Neg-tablet Analyses

Prelims and libraries.

rm(list = ls())
#Load libraries
library(reshape2)
library(dplyr)

## 
## Attaching package: 'dplyr'
## 
## The following objects are masked from 'package:stats':
## 
##     filter, lag
## 
## The following objects are masked from 'package:base':
## 
##     intersect, setdiff, setequal, union

library(ggplot2)

## Warning: package 'ggplot2' was built under R version 3.2.3

library(bootstrap)
library(lme4)

## Loading required package: Matrix

library(knitr)

Functions and add some style elements for ggplot2

## number of unique subs
n.unique <- function (x) {
  length(unique(x))
}

## for bootstrapping 95% confidence intervals
theta <- function(x,xdata) {mean(xdata[x])}
ci.low <- function(x) {
  quantile(bootstrap(1:length(x), 1000, theta, x)$thetastar, .025)}
ci.high <- function(x) {
  quantile(bootstrap(1:length(x), 1000, theta, x)$thetastar, .975)}

plot.style <- theme_bw() + 
  theme(panel.grid.minor = element_blank(), 
        panel.grid.major = element_blank(), 
        legend.position = "right", 
        axis.line = element_line(colour = "black",size = .5), 
        axis.ticks = element_line(size = .5), 
        axis.title.x = element_text(vjust = -.5), 
        axis.title.y = element_text(angle = 90,vjust = 0.25))
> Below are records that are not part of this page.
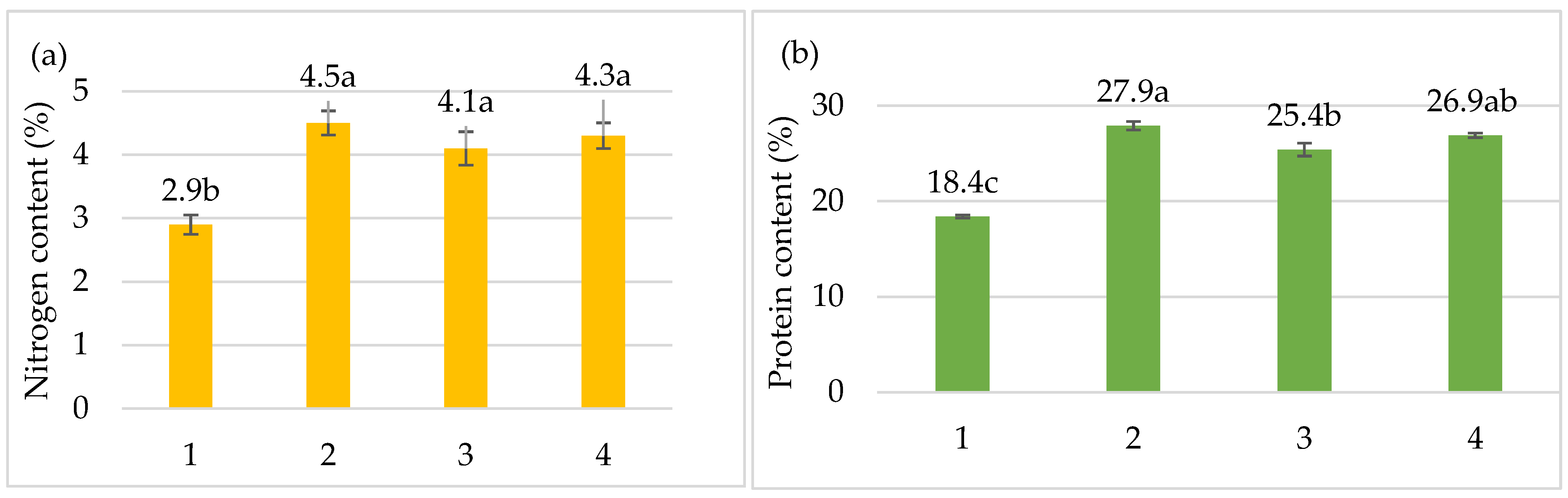 Plants for analysis were taken from three replicates of each treatment, 5 plants per replicate. Analyses were performed in three analytical repetitions. The total nitrogen in the seedlings’ leaves was determined using the Kjeldahl method (Directive 72/199/EEB). Protein content was determined using the Kjeldahl method (Directive 72/199/EEB). Approximately 1 g of raw material was hydrolyzed with 15 mL concentrated sulfuric acid (H2SO4) containing two copper catalyst tablets in a heat block (Kjeltec system 2020 digestor, Tecator Inc., Herndon, VA, USA) at 420 °C for 2 h. After cooling, H2O was added to the hydrolysates before neutralization and titration. The amount of total nitrogen in the raw materials was multiplied by the traditional conversion factor of 6.25 and species-specific conversion factors to determine total protein content.
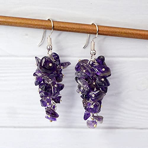 Amethyst Earrings Natural Chip Beads Earrings for Women, Girls (Purple)
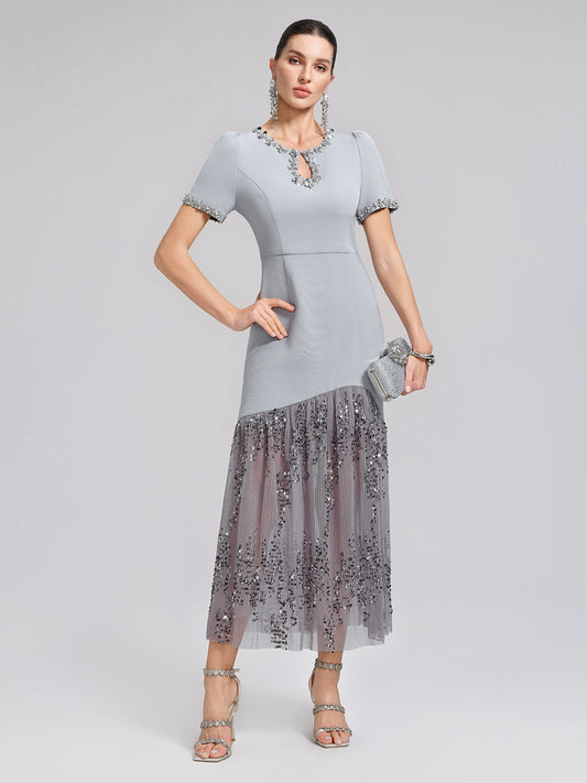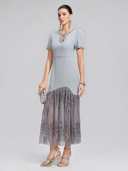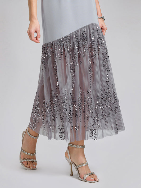 Hand-Beaded Sequin Tulle-Paneled Dress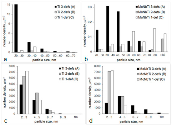 - With elimination of deformation at 1100 °C (route B), the >20 nm particle number density decreased by almost 30 times (note the particle size distribution variation in Figure 9a), the average particle size increased, relative amount of >20 nm TiC particles decreased to 25% (from 41% for route A), the <20 nm particle number density increased by 1.3 times (note the particle size distribution variation in Figure 9c), amongst <20 nm particles the TiC ones were identified in addition to Fe3C, the matrix unit cell size increased to 0.305 nm (from 0.296 nm for route A). These suggest a substantial decrease in strain-induced precipitation in austenite, compared to route A, with more Ti and C available for precipitation of <20 nm particles.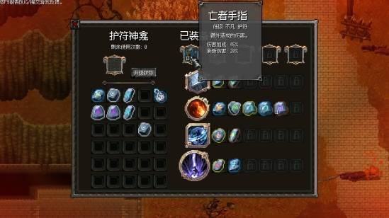 游戏中会经常掉落各种稀有度的符文,玩家可以装备在武器、法术、守护、终结技上面,从而提升该技能的效果。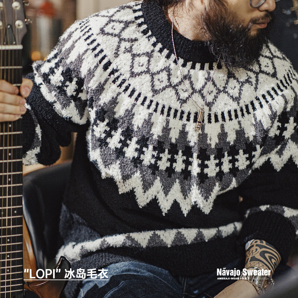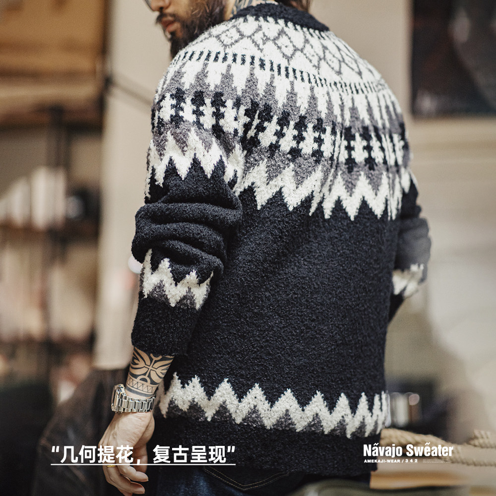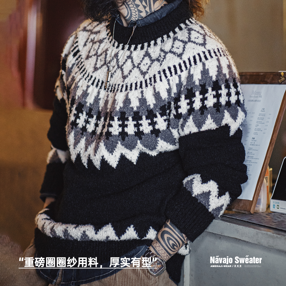 男秋 复古重磅冰岛毛衣圆领费尔岛提花打底针织衫 马登工装 美式

Experiment 1: Adults, between-subjects, referent type & syntactic frame

Load in data

d.exp1 <- read.csv("data/exp1.csv")
d.exp1$condition <- factor(d.exp1$condition, 
                           levels = c("noContext", "context"), 
                           labels = c("None", "Target"))
d.exp1$sentence.type <- factor(d.exp1$sentence.type, 
                               levels = c("positive", "negative"), 
                               labels = c("Positive" , "Negative"))
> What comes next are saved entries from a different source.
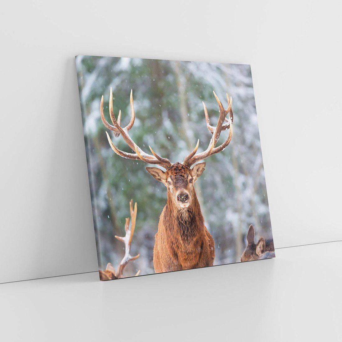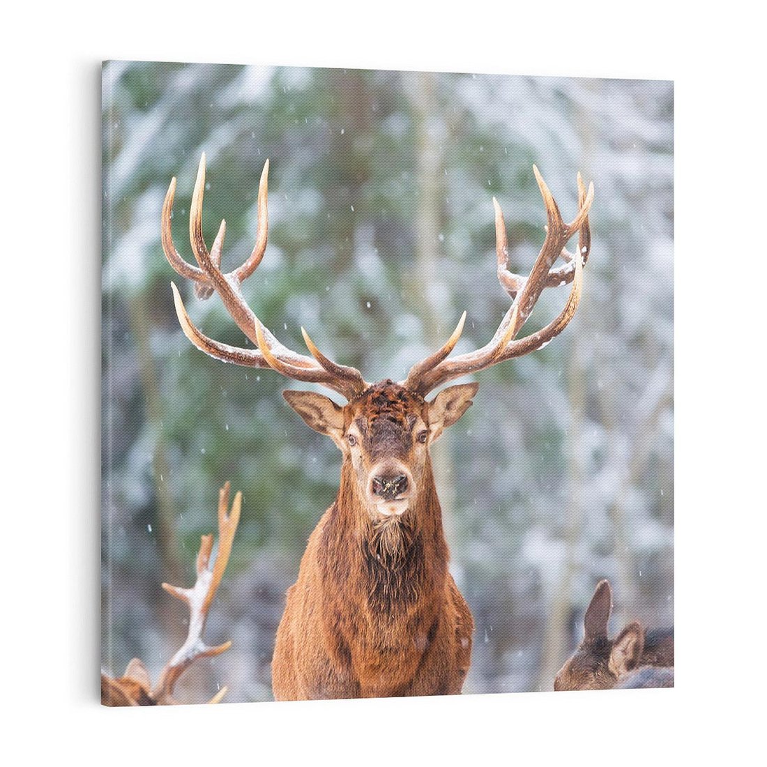 Obraz na płótnie 60x60 - Monarcha Zimowej Dziczy - jeleń, zima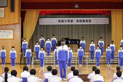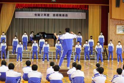 2年B組合唱の様子です。合唱曲は「手紙〜拝啓十五の君へ」です。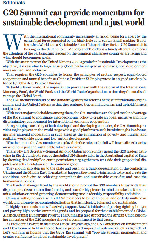 原文标题:G20 Summit can provide momentum for sustainable development and a just world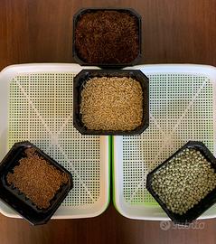 🤩Kit per autoproduzione micro ortaggi!🌿 I micro ortaggi sono considerati la coltivazione del futuro, crescono rapidamente, sono ricchissimi di vitamine e sali minerali e non richiedono nessun tipo di fertilizzante!💚 🦋Perché allora non provare ad aggiungerli già da oggi alla propria dieta? Ho creato un kit completo che contiene: 2 vassoi di coltivazione riutilizzabili Substrato pronto in fibra di cocco 3 varietà di semi certificati, per 2/3 coltivazioni per tipo Un manuale pratico scritto da me per la coltivazione passo dopo passo I semi che troverete saranno: 🫛Piselli, da aggiungere a frullati o insalate per un pieno di proteine Ravanelli, stanno bene un po’ di tutto e sono un integratore naturale di vitamina C 🌿Erba d’Orzo, per estratti freschi, é energia pura essendo ricchissima di clorofilla, vitamine e minerali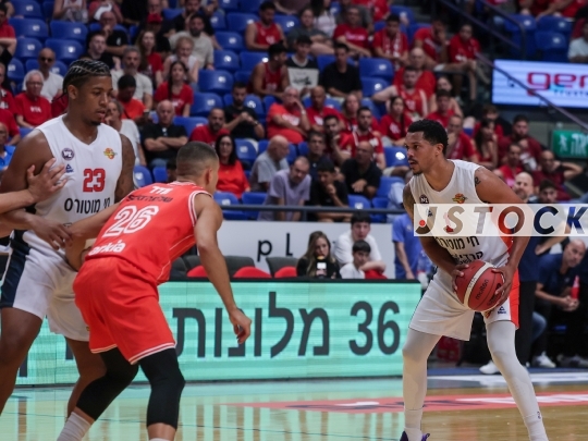 BKB-ISR Winner Cup – Hapoel Tel Aviv (in red) vs. Ness Ziona (in white), September 13, 2025, Menora Mivtachim Arena, Tel Aviv, Israel.
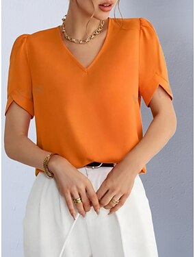 Per donna Blusa Finto cotone e lino Bottoni Tinta unica Elegante Casual Manica Corta Colletto a Camicia Top Regolari Quotidiano Blu Bianco Blu marino Verde Estate Primavera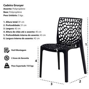 Kit 2 Cadeiras Gruvyer Preta Sala Cozinha Jantar Modelo: Cadeira Gruvyer Preta Assento: Polipropileno Base: Polipropileno Profundidade: 51 cm Largura: 42 cm Altura Total: 81 cm Altura do Chão Até o Assento: 45 cm Profundidade Interna do Assento: 43 cm Largura Interna do Assento: 42 cm Peso Máx. Recomendado: 120 kgs Peso unitário: 5 kgs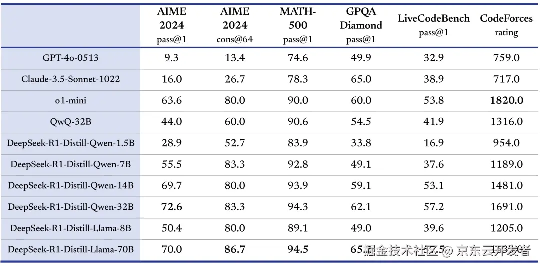 通过 DeepSeek-R1 的输出,蒸馏了 6 个小模型开源给社区,其中 32B 和 70B 模型在多项能力上实现了对标 OpenAI o1-mini 的效果。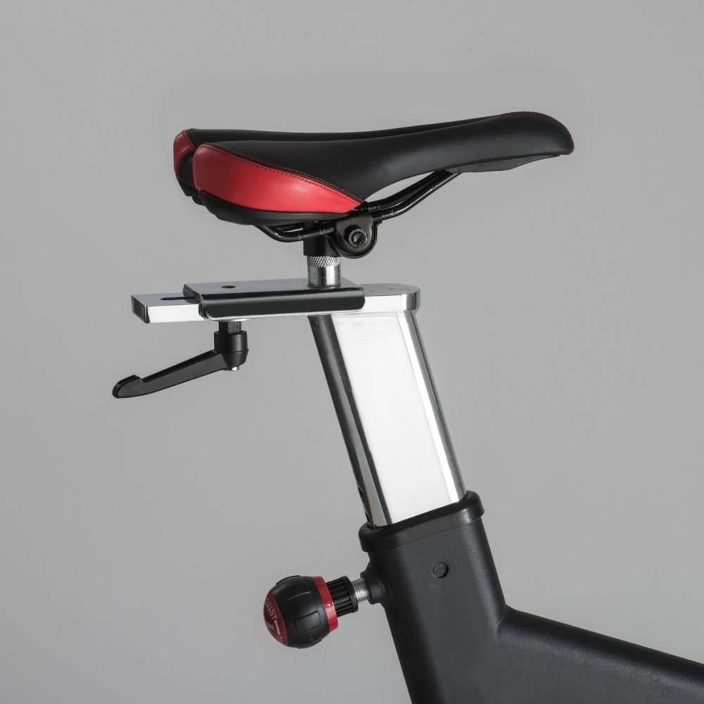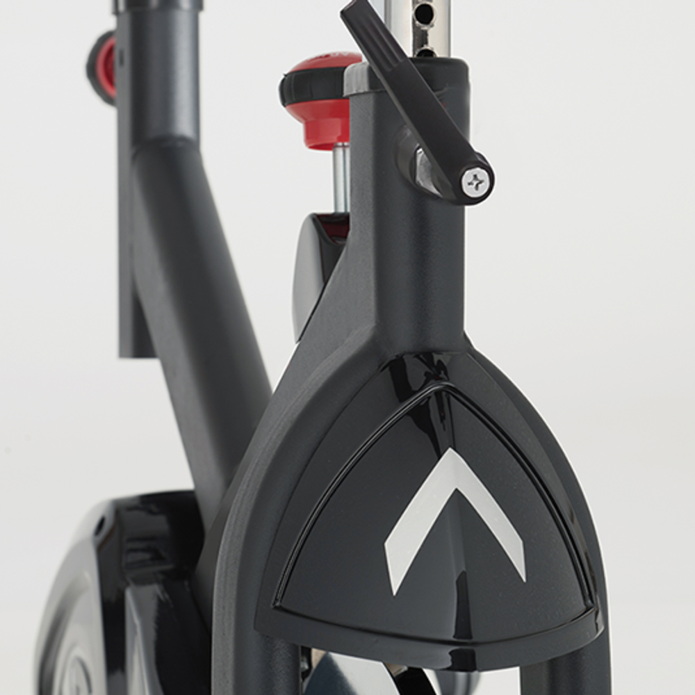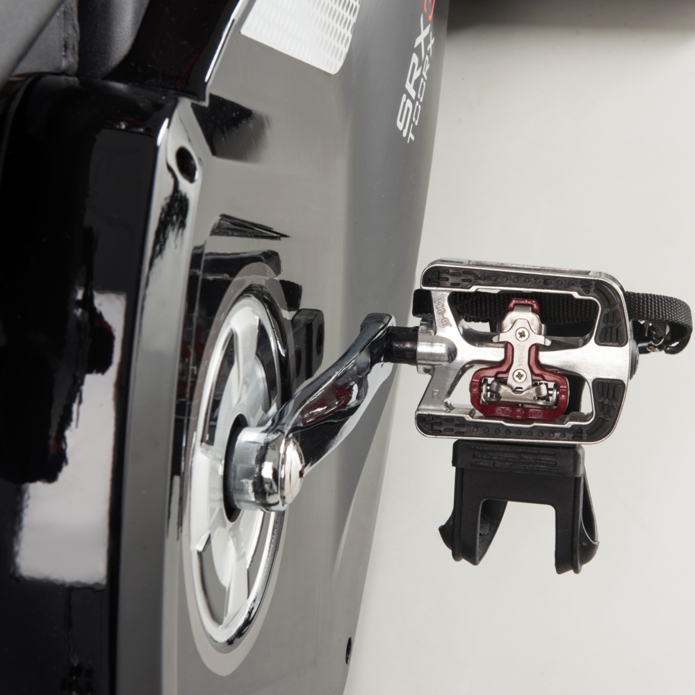 Trasmissione a cinghia con pignone fisso. Sistema di frenaggio magnetico con regolazione elettronica dello sforzo e freno a tampone di sicurezza. Dotato di leva di sicurezza per il bloccaggio rapido del volano. Massa volanica peso 24 kg, lavorato CNC e bilanciato. HRC-HEART RATE CONTROL. Ricevitore wireless integrato e fascia cardio inclusa. APP READY. iConsole+App (inclusa). Kinomap Fitness App (compatibile).

d.exp1$neg.concept <- factor(d.exp1$neg.concept, 
                             levels = c("something", "nothing"),
                             labels = c("Alternative",  "Nonexistence"))

d.exp1$neg.syntax <- factor(d.exp1$neg.syntax, 
                            levels = c("", "has no", "doesn't have"), 
                            labels = c("", "has no X", "doesn't have X"))

Plot data

Histogram of rating scale:

qplot(d.exp1$rating, geom = "histogram") + plot.style

## `stat_bin()` using `bins = 30`. Pick better value with `binwidth`.
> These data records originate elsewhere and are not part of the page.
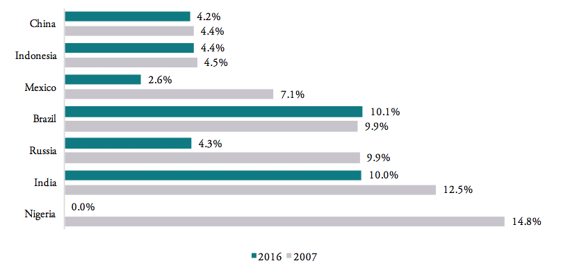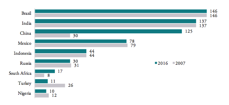 Similarly, the number of actively applied tariff lines[2] is still high for most BRICS-MINT countries, causing importers to struggle with administrative procedures and government discretion over product classification decisions. Figure 6 shows that, except for Nigeria (10 tariff lines), Turkey (11 tariff lines) and South Africa (17 tariff lines), all other BRICS-MINT countries apply more than 30 tariff lines for pharmaceuticals products within the HS 3004 product classification category. Brazil (146), India (137), China (125) and Mexico (78) apply the highest number of tariff lines. While the number of tariff lines applied by Brazil, India and Mexico did not change since 2007, the number of tariff lines applied by China significantly increased dramatically from 30 in 2007 to 125 in 2016, indicating a serious shift towards protectionism within the Chinese government.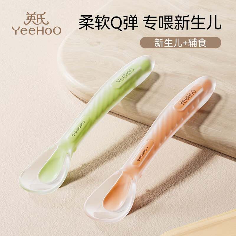 ¥39.9 英氏(YEEHOO)硅胶勺子新生婴幼儿宝宝辅食勺子喂水硅胶软勺餐具喂奶养米粉 硅胶勺【2只装+收纳盒】 49.9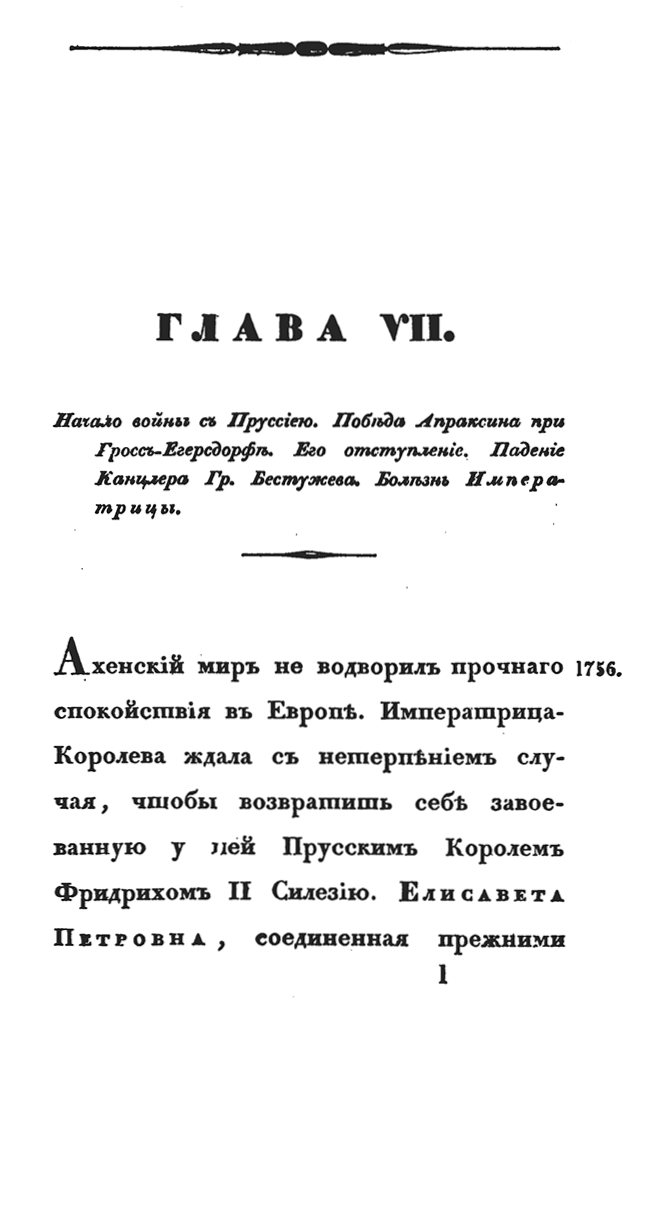 Предшествовавший воцарению Елизаветы дворцовый переворот 1741 г., описан в предыдущей работе автора - «Обзор главнейших происшествий в России с кончины Петра Великого до вступления на престол Елизаветы Петровны», СПб., 1836.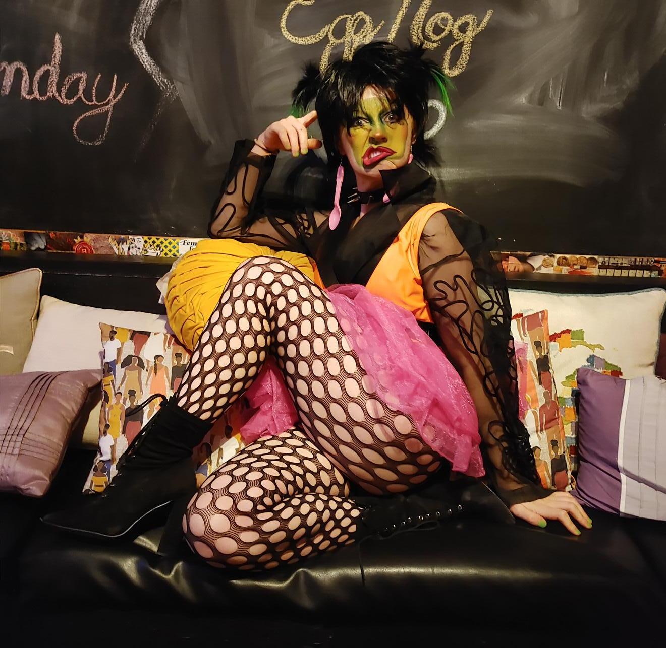 To the left of Snot Rokette at our table, Archie Falandys (he/him), 23, is a multi-instrumentalist and vocalist for local Columbus punk bands Kiss Pink and The Catchwords. To him, his sense of identity is as dual as being both instrumentalist and vocalist. “Who you are and how you represent yourself will often be different things. Like the inner self and outer self. Learning to make peace between those two things is really your identity.”

Plot mean ratings for every trial type (Table 4 in paper):

ms <- d.exp1 %>%
  group_by(subid, condition, sentence.type, truth.value, neg.concept, neg.syntax) %>%
  summarise(subm = mean(rating)) %>%
  group_by(condition, sentence.type, truth.value, neg.concept, neg.syntax) %>%
  summarise(rating = mean(subm),
            high = ci.high(subm),
            low = ci.low(subm))
ms$truth.value <- factor(ms$truth.value, levels=c(TRUE, FALSE), labels=c("True","False"))

kable(ms, digits = 2)

condition	sentence.type	truth.value	neg.concept	neg.syntax	rating	high	low
None	Positive	False	Alternative		2.04	2.60	1.57
None	Positive	False	Nonexistence		2.51	3.06	1.96
None	Positive	True	NA		6.51	6.73	6.22
None	Negative	False	NA	has no X	1.40	1.66	1.19
None	Negative	False	NA	doesn’t have X	2.00	2.51	1.57
None	Negative	True	Alternative	has no X	4.15	4.68	3.65
None	Negative	True	Alternative	doesn’t have X	4.83	5.33	4.29
None	Negative	True	Nonexistence	has no X	4.78	5.20	4.32
None	Negative	True	Nonexistence	doesn’t have X	5.29	5.69	4.85
Target	Positive	False	Alternative		1.83	2.38	1.36
Target	Positive	False	Nonexistence		1.88	2.31	1.49
Target	Positive	True	NA		6.42	6.63	6.20
Target	Negative	False	NA	has no X	1.58	1.87	1.31
Target	Negative	False	NA	doesn’t have X	1.89	2.38	1.44
Target	Negative	True	Alternative	has no X	4.96	5.34	4.54
Target	Negative	True	Alternative	doesn’t have X	5.74	6.10	5.32
Target	Negative	True	Nonexistence	has no X	5.61	6.02	5.19
Target	Negative	True	Nonexistence	doesn’t have X	6.34	6.63	5.99

ggplot(data = ms, aes(x = sentence.type, y = rating, 
      color = neg.concept, shape = neg.syntax)) +
  geom_point(stat = "identity", position = position_dodge(width = .5)) + 
  facet_grid(truth.value ~ condition) +
  geom_errorbar(aes(ymin = low, ymax = high), width = 0,
                position = position_dodge(width = .5)) + 
  plot.style

Just look at negative sentences:

d.exp1.neg <- filter(d.exp1, sentence.type == "Negative")

ms <- d.exp1.neg %>%
  group_by(subid, condition, truth.value, neg.concept, neg.syntax) %>%
  summarise(subm = mean(rating)) %>%
  group_by(condition, truth.value, neg.concept, neg.syntax) %>%
  summarise(rating = mean(subm),
            high = ci.high(subm),
            low = ci.low(subm))
ms$truth.value <- factor(ms$truth.value, levels=c(TRUE, FALSE), labels=c("True","False"))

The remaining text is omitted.